Паруса – над Гаем и вокруг него. Всюду. Громадные. Золотисто-белые на солнце и голубые в тени. Туго и круто выгнутые, они кажутся твердыми, как фарфор: щелкни пальцем – и зазвенят.
Судно идет с креном на левый борт. Сзади и сбоку его пытаются догнать зеленовато-синие волны, кое-где на них вспыхивает пена. Волны не очень большие, стальную четырехмачтовую громаду им не раскачать. Но, рассекая воду, гулкий стометровый корпус винджаммера ровно вздрагивает и ощутимо звенит. Басовито-струнным гудением отзывается такелаж.
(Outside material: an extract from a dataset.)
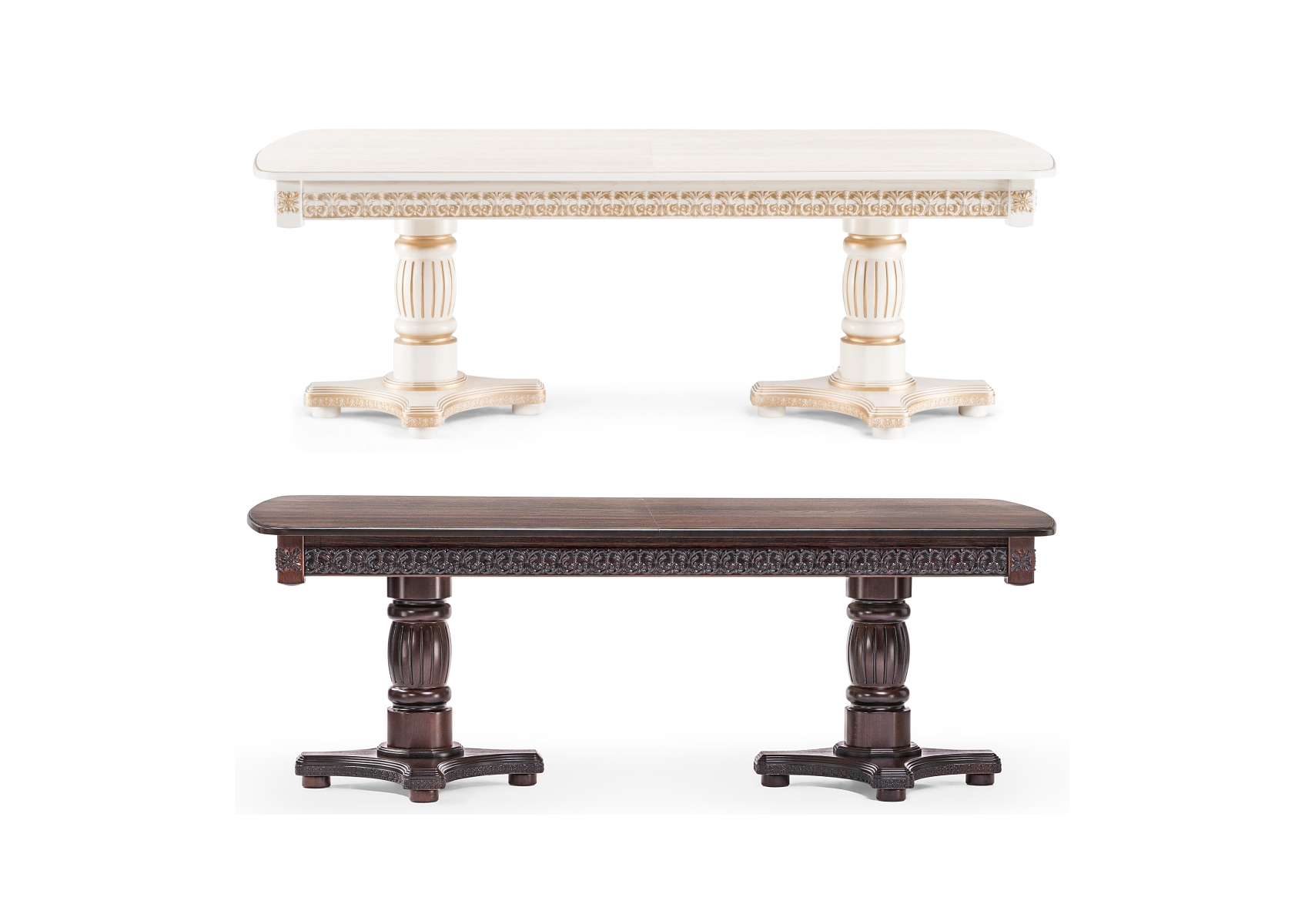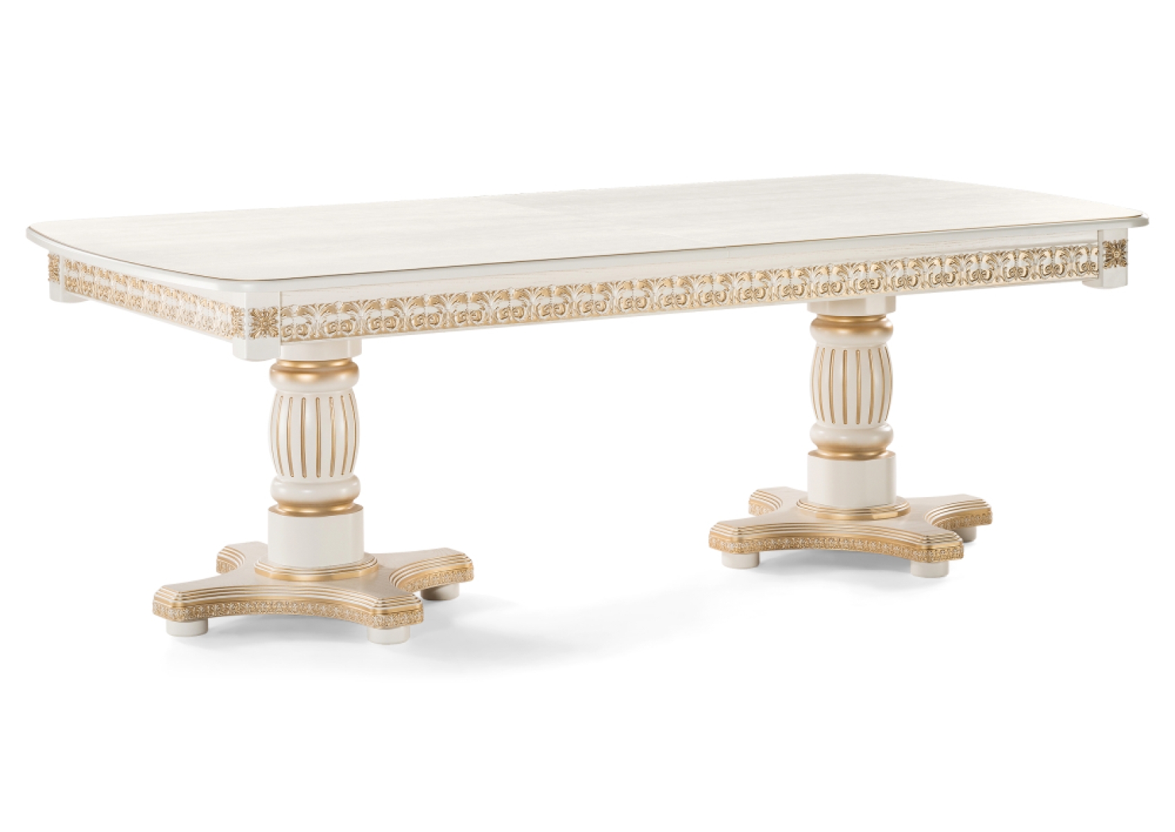 Деревянный стол Морнит 220(320)х110 слоновая кость / золото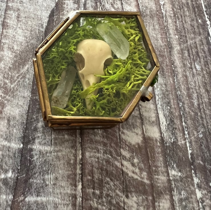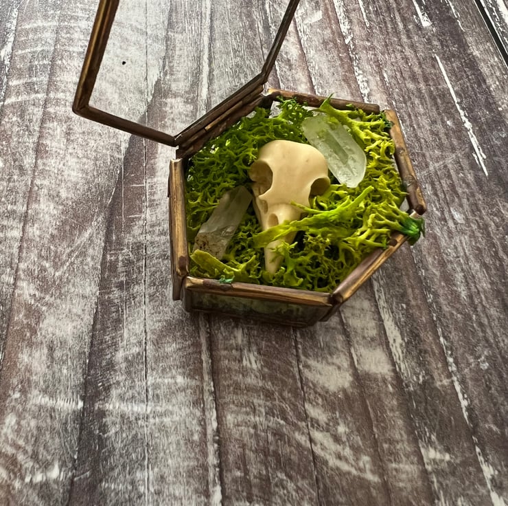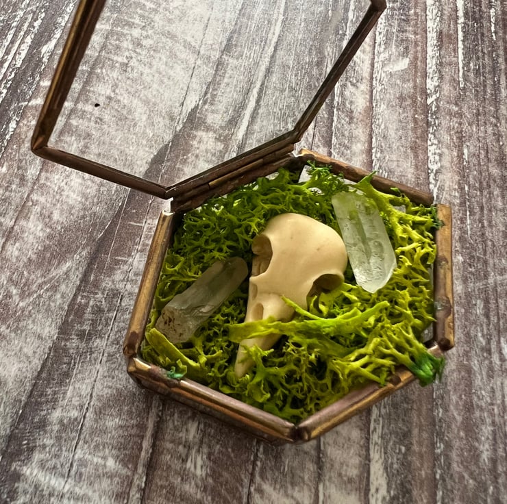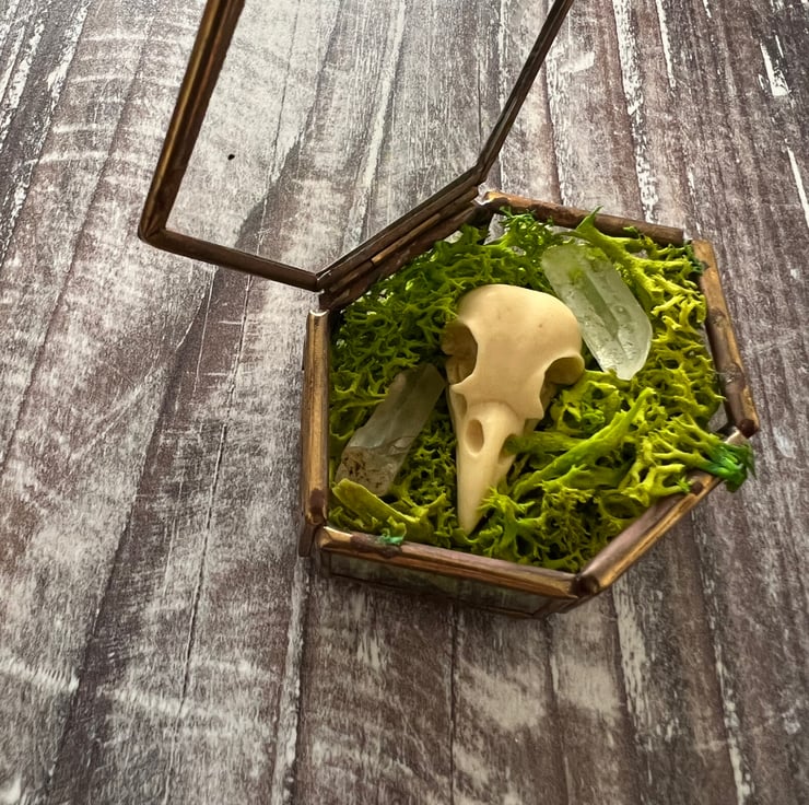 Faux taxidermy Crow Skull laid in amongst moss with a scattering of small crystal points.

Плетеная сталь вантовых тросов дрожит, как натянутые мышцы, и это напряженно-радостное дрожание передается Гаю…
С борта вынесена ажурная стрела крана с площадкой для оператора. У камеры сам Карбенев. Темно-синий выпуклый объектив издалека нацелен на Гая.
– Гай – давай!
Держась за трос одной рукой, Гай вытягивается вперед (ух и ветер!). В синеве и солнце встают далекие желтые берега. На них – блестки белых домов.
– Остров!
Гай оборачивается. Ветер откидывает назад волосы, хлопает воротником. И Гай кричит опять – тем, кто на палубе:
– Вижу остров!
…В море они ушли накануне, под вечер. Когда махина “Крузенштерна”, постукивая машиной, выбралась за боны, солнце уже скатывалось к горизонту. Слева тянулся изрезанный бухтами Каркинитский берег. Издалека его желто-полосатые обрывы казались невысокими. Оранжевыми маячками вспыхивали от закатных лучей стекла. Медленно двигались красные огоньки Лукулльского створа. Если свернуть на них, когда они окажутся друг над другом, выйдешь прямо к центру Херсонеса… Но “Крузенштерн”, конечно, никуда не сворачивал, шел в открытое море.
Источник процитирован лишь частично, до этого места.